Much of the Canadian Wildlife Federation’s work recently in Atlantic Canada and the Gulf of St. Lawrence has been focused on working directly with and learning from the men and women working on the water, fishers and others in the fishing industry. Like everyone they want to find a way to stop the tremendous harm being done to whales. At the same time we must strive to protect their livelihoods.

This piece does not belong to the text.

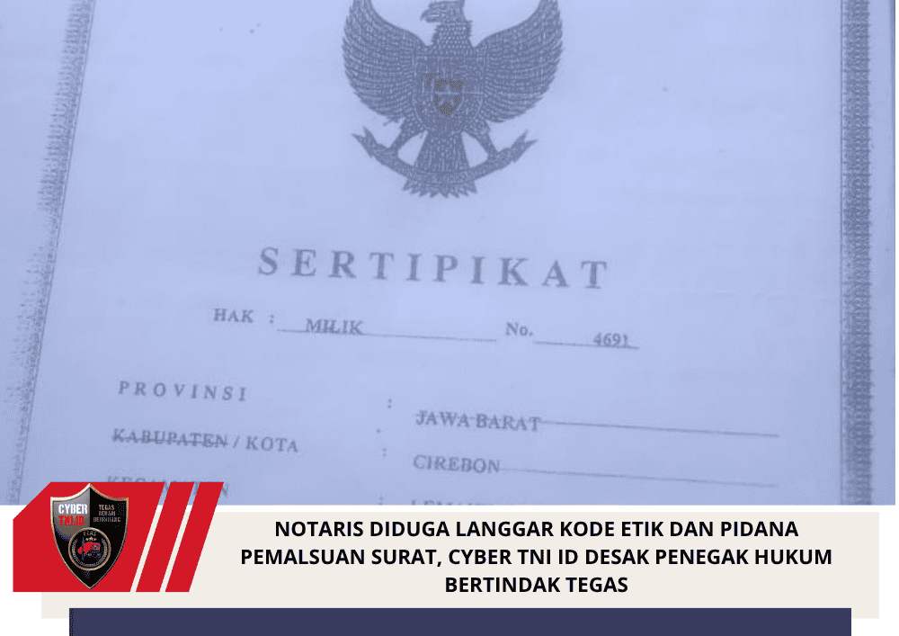 CyberTNI.id | Cirebon, Selasa 4 November 2025 — Dunia kenotariatan di Kabupaten Cirebon kembali tercoreng oleh ulah oknum yang diduga kuat menyalahgunakan kewenangan profesinya. Seorang notaris berinisial SM, yang beralamat di Desa Junjang, Kecamatan Arjawinangun, Kabupaten Cirebon, diduga melakukan pelanggaran serius terhadap kode etik jabatan notaris dan bahkan terindikasi melakukan tindak pidana pemalsuan surat serta penipuan dalam proses peralihan hak atas tanah milik ahli waris almarhum Raden Abdoeri.

The experience so far in the Gulf of St. Lawrence has demonstrated that even with tens of thousands of square kilometres now closed each year to the Snow Crab fishery and the use of speed restrictions throughout large areas of the shipping lanes, whales continue to die. CWF has been working with them to make changes now that can make a difference. Things like ropeless trap techniques that do away with floating endlines, likely the most damaging and dangerous part of nets and traps in use today. The standard traps currently employed by fishers use a floating endline, a rope that's suspended in the water column with a buoy at the top, an often-deadly hazard for whale entanglement. Now with the help of CWF and with funding from DFO, fishers are testing new trap technologies that do away with the need for a floating endline. While still very much in the developmental stage, such hands-on testing by experienced fishers is needed to develop a technology that serves their needs. While there is no reasonable expectation of converting an entire industry to new technologies, they could prove useful if they allowed fishing in areas that would otherwise be closed for fear of entanglements.

Assisting Rescuers

CWF is committed to working closely with emergency response organizations devoted to rescuing entangled whales, investigating causes of deaths and monitoring and registering the occurrence of whales in new areas. Since 2013, Canadian Marine Animal Response Alliance (CMARA) has been chaired and coordinated by the Canadian Wildlife Federation and governed by a national steering committee comprising representatives of each of the regional response networks: Newfoundland and Labrador’s Disentanglement Assistance Program (one of the first anywhere in the world), the Maritime Marine Animal Response Network in Atlantic Canada, the Réseau québécois d’urgences pour les mammifières marins in Quebec, and the British Columbia Marine Mammal Response Network, and a non-voting representative of Fisheries and Oceans Canada which coordinates marine animal response in the Arctic, operations often led by First Nations and Inuit communities. Following lobbying efforts by CMARA, CWF and others, in 2018 the Federal government established $1million of annual support for the work of the regional non-governmental response groups. This is a great help and a good start but it is nowhere near the real cost of need of these groups to provide adequate response in Canada. More will be needed.

Investing in Research

As part of the commitment to increased expertise on the water, CWF has recently endowed a chair at Dalhousie University to be filled by a professor who will carry out research on large whales that will support conservation work – particularly studying ocean conditions as they affect whale behaviour. We must ensure that this country has sufficient numbers of specialists with the expertise to respond to these situations.